Is whom was selling as important as whom was buying? I wonder who bought them, the FED?
That’s what I’m thinking. Better a snake that rattles than one which strikes without warning.
No worries. Dear leader will direct ERISA to regulate that all retirement plans must invest in treasuries ( for the people’s security of course).
So who bought??? Treasury cranking up the printing presses? Fed expanding the balance sheet?
Getting out of treasuries before the coming Crash of ‘14........................
Today’s mid morning briefing:
E.T.: Ah, where are my golf clubs.
Aide: Right here Mr. President.
E.T.: Ah, what does Yellen want?
Aide: Serious problem with the Treasury Holding by Foreign Governments.
E.T.: Just electrons, nothing to worry about, call Andrews, tell em warm up AF1, I have a T Time for 9AM but don’t tell anyone else, just call it being in discussions with world leaders.

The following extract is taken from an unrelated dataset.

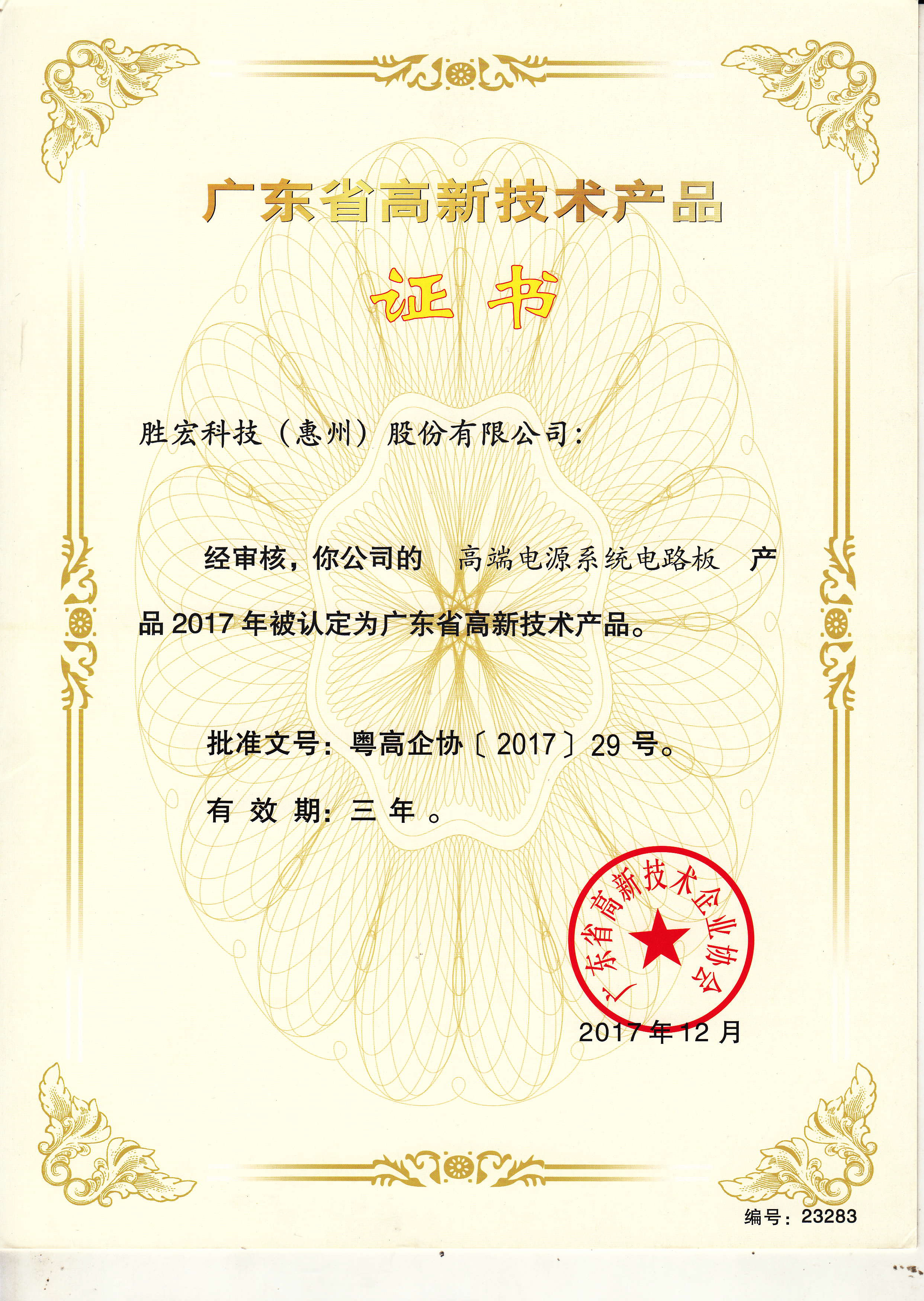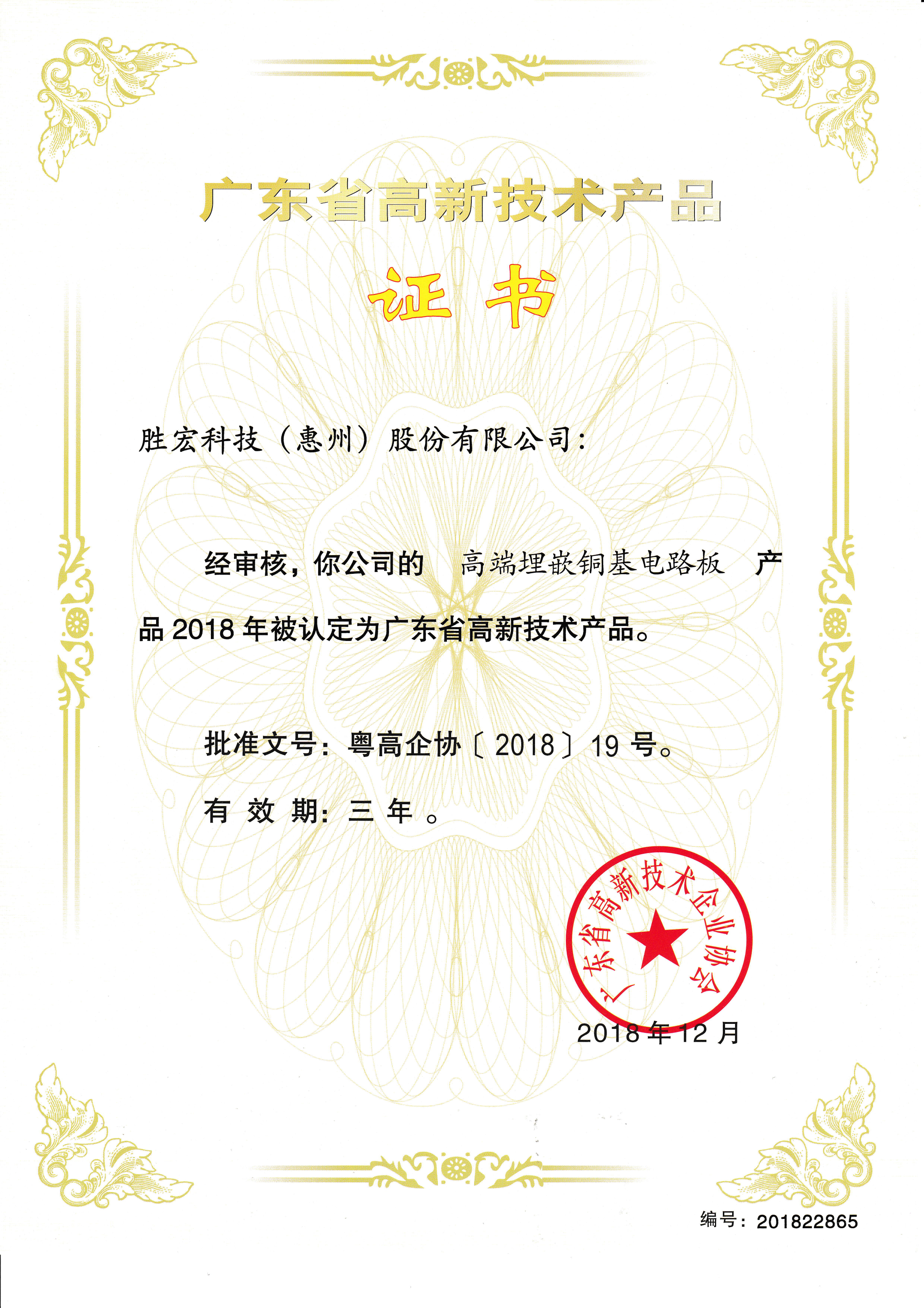 “高端高頻電路板”高新技術產品證書

Aide: Yes Your Excellency.
E.T.: Anything else of interest.
Aide: Yes, Kerry is on hold from London, the UN General Secretary is also holding, Someone from NASA says he has an urgent matter about some nearby asteroid and...
E.T.: enough, put my call through to Beyonce and tell her we need a white house concert soon, like next week. Meanwhile, out of the way.
Aide: Yes sir, sorry to bother you with these trivialities.
And into what? I see it ALL coming down. Equities won't exactly be a safe haven.
Excellent question. Last December, Belgium (read: Europe) took up the slack when China and Japan stopped buying. Check out this story from Zero Hedge:
Regardless of who comes to the rescue, one thing we know for sure is that the Fed is the buyer of last resort.
Not directly; they have buyers/banksters that do the dirty deed for them, me thinks.
China and Russia are dumping US bonds, and Soros is making money on this in some way too.
When we devalue our dollar the folks who buy our Treasuries get a guaranteed loss. Until recently safety was a good trade-off... seems that perception has changed.
a)if the rates climb, the Fed will step in to buy the bonds, pushing rates down.
b)If the rates climb, the value of the bonds will fall and the foreigners will lose too much, which will also moderate the sell-off.
c) The increase in dollar reserves will also tend to drive down interest rates on dollars.
What will happen is that the dollar will fall more relative to the Euro, Yen and Yuan: look for gas prices and other commodity prices denominated in dollars to go up, as foreigners look to recoup their FX losses from the Fed's inflationary policies.
And into what? .....................
Hold on to your butts.
Your response makes no sense. I said there would be significant implications for our own interest rates. You said “wrong” but then acknowledge twice that rates could climb. Very confusing. If you are confident that rates will fall, then you should put your money on it (go short).
I didn't say they would fall, just that they would not rise (at least not anytime soon).
A smart bond trader could probably make some money on intraday futures trades, but that's about it. I just don't think the Fed will allow the market to move very much at all.
If the sell off continues, you could make money on FX, I would think, because some of the growing dollar reserves would need to be rolled over into local currencies.
I had not idea what your reply would be, but that made me laugh. Not a bad idea either, but the government(s) will eventually grab that too if SHTF. For the greater good, dontcha know.